-------- INFORMATION SUPPLIED --------
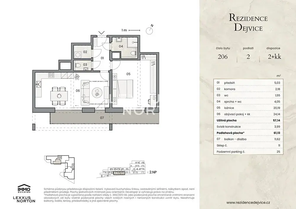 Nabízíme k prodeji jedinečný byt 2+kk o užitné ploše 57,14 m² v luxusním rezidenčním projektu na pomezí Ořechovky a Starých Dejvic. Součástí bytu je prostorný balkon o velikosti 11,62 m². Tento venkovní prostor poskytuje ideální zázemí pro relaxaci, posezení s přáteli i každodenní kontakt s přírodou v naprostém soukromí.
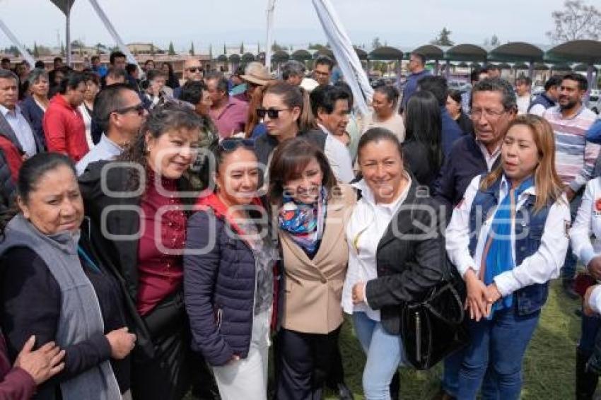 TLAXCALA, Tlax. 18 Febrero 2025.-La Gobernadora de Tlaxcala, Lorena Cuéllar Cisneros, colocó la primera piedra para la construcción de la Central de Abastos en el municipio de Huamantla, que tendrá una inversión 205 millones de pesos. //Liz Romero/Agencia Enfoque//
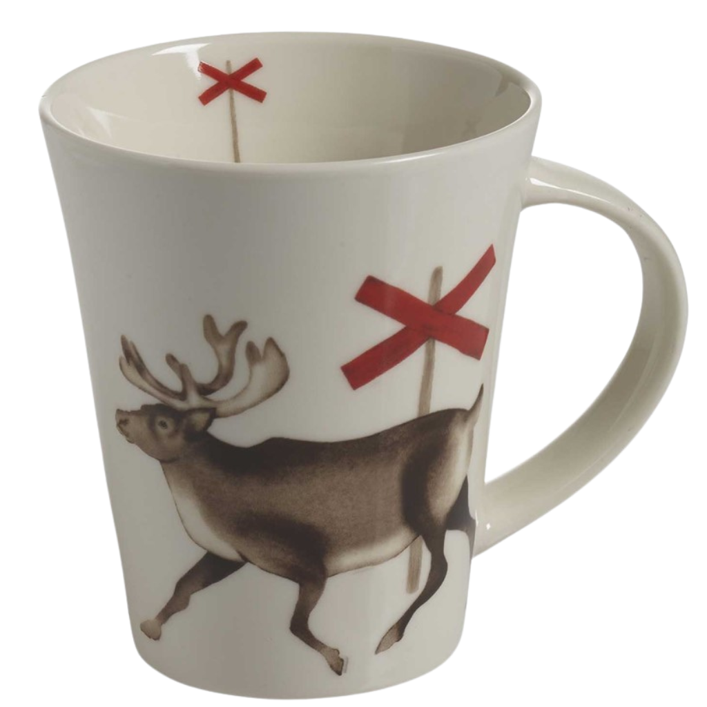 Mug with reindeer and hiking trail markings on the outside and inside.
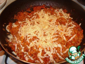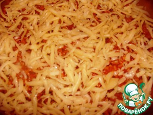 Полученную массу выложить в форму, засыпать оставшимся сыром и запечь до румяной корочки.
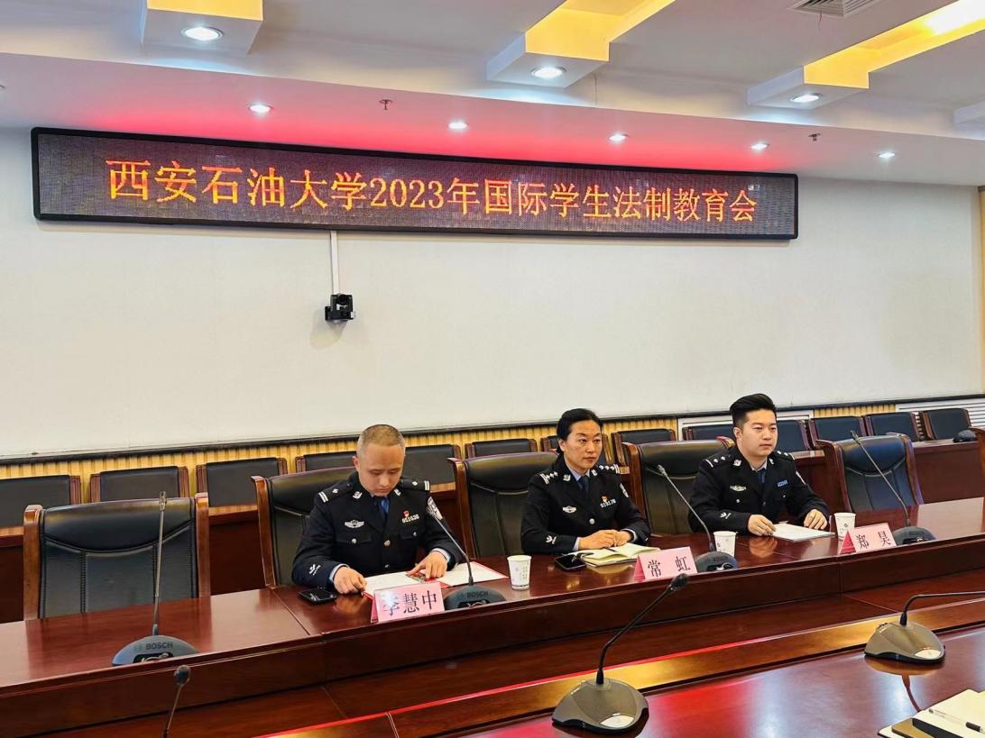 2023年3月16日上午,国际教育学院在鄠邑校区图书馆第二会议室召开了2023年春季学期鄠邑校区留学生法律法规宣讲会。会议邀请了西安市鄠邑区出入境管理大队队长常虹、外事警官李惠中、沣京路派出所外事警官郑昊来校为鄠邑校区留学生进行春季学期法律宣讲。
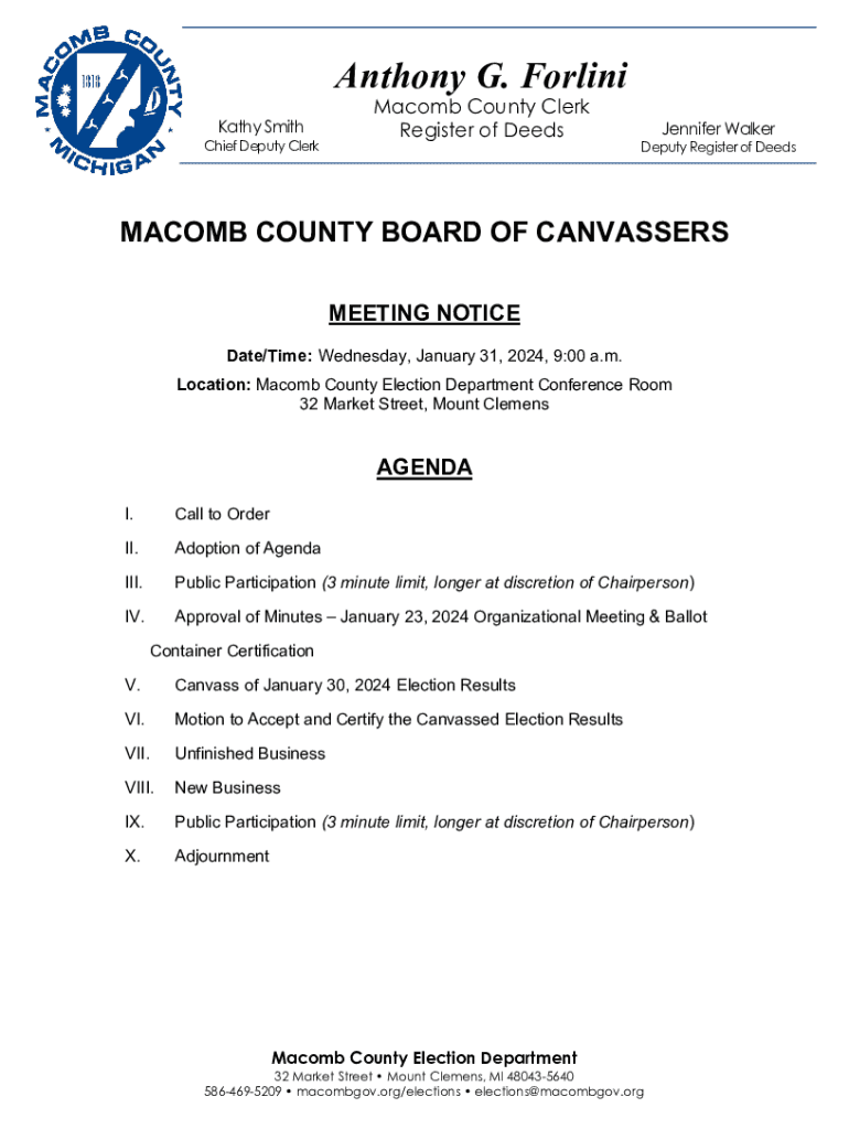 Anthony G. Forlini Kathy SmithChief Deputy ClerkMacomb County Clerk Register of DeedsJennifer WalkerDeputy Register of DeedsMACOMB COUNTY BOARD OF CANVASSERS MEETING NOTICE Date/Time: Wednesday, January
--------
WHAT IS REQUIRED
Your task is to reproduce exactly the lines running from the line that contains "TLAXCALA, Tlax. 18" to the end of the records, pictures excluded.

ANSWER AREA
 TLAXCALA, Tlax. 18 Febrero 2025.-La Gobernadora de Tlaxcala, Lorena Cuéllar Cisneros, colocó la primera piedra para la construcción de la Central de Abastos en el municipio de Huamantla, que tendrá una inversión 205 millones de pesos. //Liz Romero/Agencia Enfoque//
 Mug with reindeer and hiking trail markings on the outside and inside.
 Полученную массу выложить в форму, засыпать оставшимся сыром и запечь до румяной корочки.
 2023年3月16日上午,国际教育学院在鄠邑校区图书馆第二会议室召开了2023年春季学期鄠邑校区留学生法律法规宣讲会。会议邀请了西安市鄠邑区出入境管理大队队长常虹、外事警官李惠中、沣京路派出所外事警官郑昊来校为鄠邑校区留学生进行春季学期法律宣讲。
 Anthony G. Forlini Kathy SmithChief Deputy ClerkMacomb County Clerk Register of DeedsJennifer WalkerDeputy Register of DeedsMACOMB COUNTY BOARD OF CANVASSERS MEETING NOTICE Date/Time: Wednesday, January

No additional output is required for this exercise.